女帝派去檢視的官員回來覆命,在輕聲道:“回陛下,林倉所言句句屬實。”

聞言,女帝總算鬆了口氣,看林倉的眼神滿是欣賞。

想到這樣的人才竟然是太監,忍不住心生哀嘆。

她看向林倉,緩緩地道:“糧倉被毀一事,林卿乃我北大荒第一功臣。”

“即日起,朕效仿前朝建設西廠招募萬人,封林倉為西廠督主官至一品。”

此話落地,就像是一道霹靂,狠狠地驚著眾人的腦袋。

林倉也無法平靜了,呲目欲裂。

他為大夏拼死拼活,卻只有個官銜,並無實權。

他利用北大荒,將女帝也列入算計名單內,女帝卻給了他真正的實權。

擁有數萬屬下的西廠督主,確實充滿了誘惑。

他的大夏臣子內心,也跟著動搖了。

……

翌日。

天邊畫起了魚肚白。

北大荒,練武場。

北大荒全民尚武,練武場比試也是所有官員每日的必經之事。

林倉站在練武場,赤拳朝練武樁比劃。

他大汗淋漓,周身透著一股子霧氣,衣服緊貼著身子,將其結實的身材顯露無疑。

他揮動的雙拳,如龍飛舞,氣勢萬千。

汗水和霧氣夾雜在一起,落在地上的汗珠迅速蒸發。

帝星辰、張玉嬈、小青、小白以及帶著面紗的李嫣然在一旁看得起勁,特別是四皇女帝星辰五官亂飛,激動得毫不顧忌形象。

“我師傅真帥!”

帝星辰拍手叫好。

夏日炎炎,帝星辰身旁有著女官搖扇,其餘幾人都熱得嬌體微紅,香汗和衣服粘在一起。

帝星辰嘆了口氣,看著練武的林倉,託著下巴有些惋惜的道:“師傅真的哪裡都好,唯一可惜的就是不完整了。”

李嫣然笑道:“有得必有失,林倉能有今天也是很多人遙不可及的。”

以林倉如今的功勞,回到大夏絕對能封異姓王。

按照李嫣然對南宮天的瞭解,經此一事肯定對所有皇子都起了疑心,還有那群仍在朝堂上的大臣。

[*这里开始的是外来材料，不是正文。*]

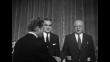 Dignitaries enter dining room with dais at left / Prince Axel of Denmark left, greets Rory Calhoun and his wife, Lita Baron, as Y Frank Freeman looks on / Danny Kaye shaking hands, Freeman at right / CU Axel / Kaye shakes hands with Axel, Prime Mister Hans Hedtoft at right / Kaye, Freeman and Axel from right [exact month/day not known]
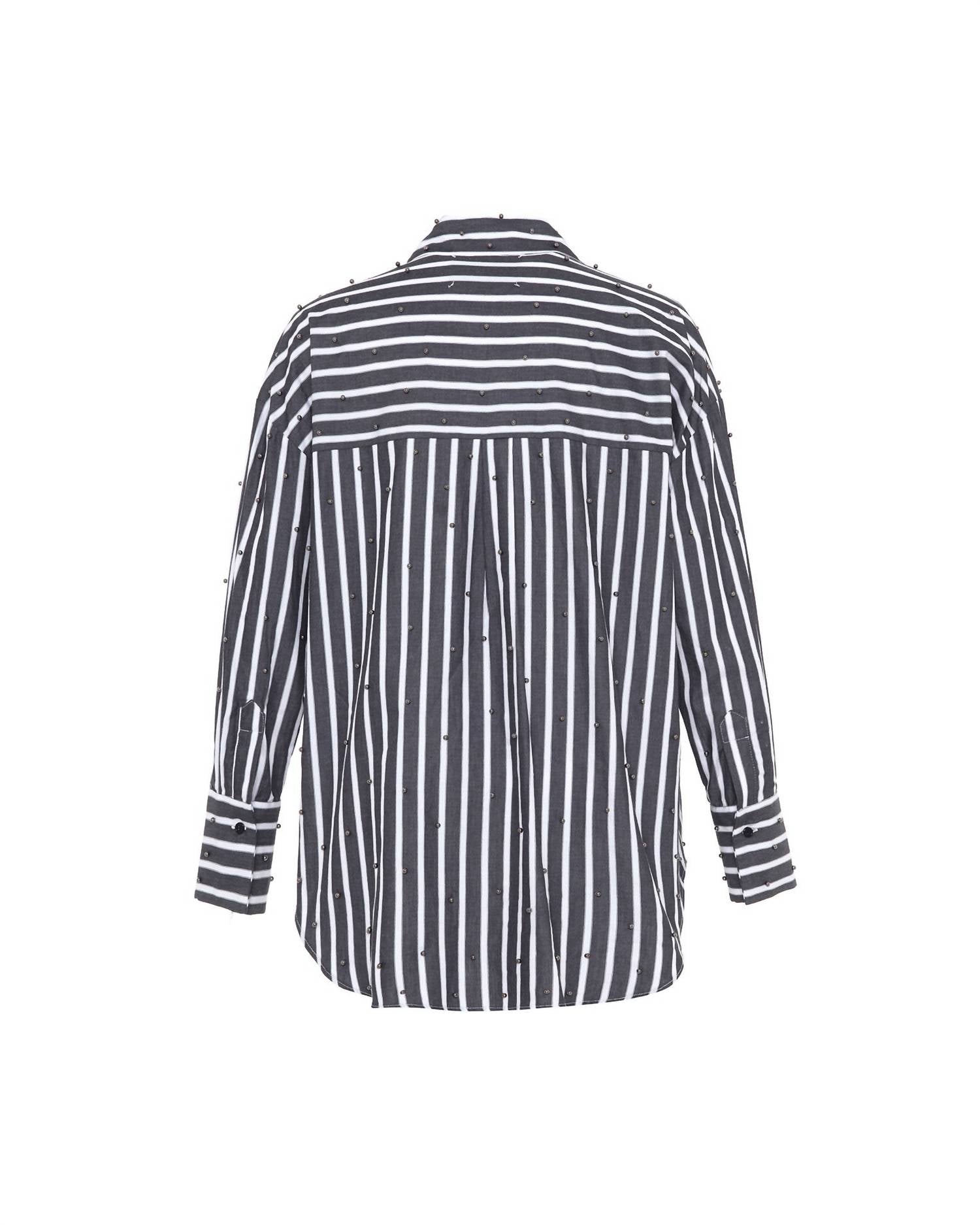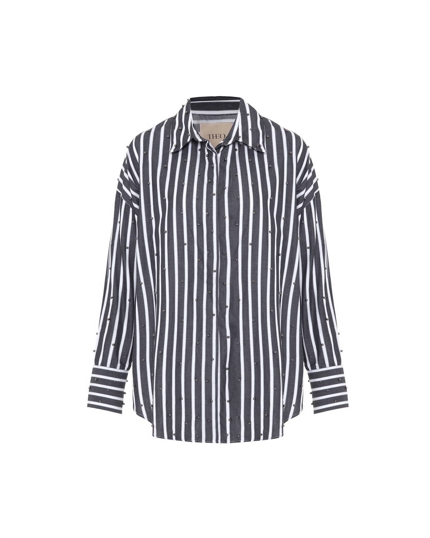 This button down shirt is comfortable yet polished. Elevate your wardrobe with the Women's Echo Pearly Shirt by THEO the Label, a chic addition in Black/Gunmetal for holiday parties. This button-down shirt showcases long sleeves and a classic collar, focusing on its unique stripe pattern embellished with delicate pearls. Expertly crafted from a Cotton Blend, this piece ensures both comfort and style. Closure: Button closure. Care: Dry clean only.

只要南宮天能成功殺回大夏,這群人絕對沒一個能落得好下場。

而林倉也會成為南宮天唯一的親信。

“我好不容易得了本純陽神功,以師傅的資質,如得此功假日時日絕對能爭一徵這天下第一的寶座。”

“本來想給師傅的,現在只能浪費了。”

帝星辰的目光依舊在林倉身上,這本功法可是費了她很大的精力才得來的。

除了師傅,還真不知道誰能配得上這純陽神功。

聞言,張玉嬈雙眼放光,急忙說道:“也許還能長出來呢。”

此話如同一道驚雷,驚得兩女趕忙朝她看去。

李嫣然緊張地抓住自己的衣裙,再也按捺不住自己那顆躁動的心。

林倉要是還能做回男人,那她是不是有機會?

想要這兒,李嫣然慌忙搖搖頭,暗罵自己道:“李嫣然,你可是皇后,清醒點吧。”

另一邊,

帝星辰情緒激動的說道:“什麼意思?難道你有辦法重塑?”

太好了!

師傅總算有機會堂堂正正做人了。

張玉嬈心裡本事鬱悶,林倉本就是貨真價實的真男人。

如果直接告訴這二位,特別是這個大夏皇后,那後果不堪設想。

罪犯欺君,林倉只有一死。

可是以自己對林倉的瞭解,如有修煉神功的機會,林倉絕不願輕易放棄。

張玉嬈深吸一口氣,硬著頭皮說道:“有一古方,也許能有用,就是這藥材特別難尋...”

帝星辰毫不猶豫地說道:“什麼藥材,都交給我。”

她又重新燃起了希望,目光灼灼地看向張玉嬈。

同時下定決心,甭管張玉嬈說出的藥材有多難找,就算需要上刀山下火海。

只要師傅能好,她定會不惜一切代價幫其取回來。

可是張玉嬈緊張的起了滿頭的冷汗,整個人如坐針氈,如鯁在喉。

另一邊。

林倉停下手中的動作,閉眼深吸口氣。

這有氧運動真是個好東西,把原本因為吸星大法堵塞的經脈,全都便得活絡起來。

停下手裡的動作,林倉朝幾女走去。

林倉直接開口問道:“你們在說什麼呢?”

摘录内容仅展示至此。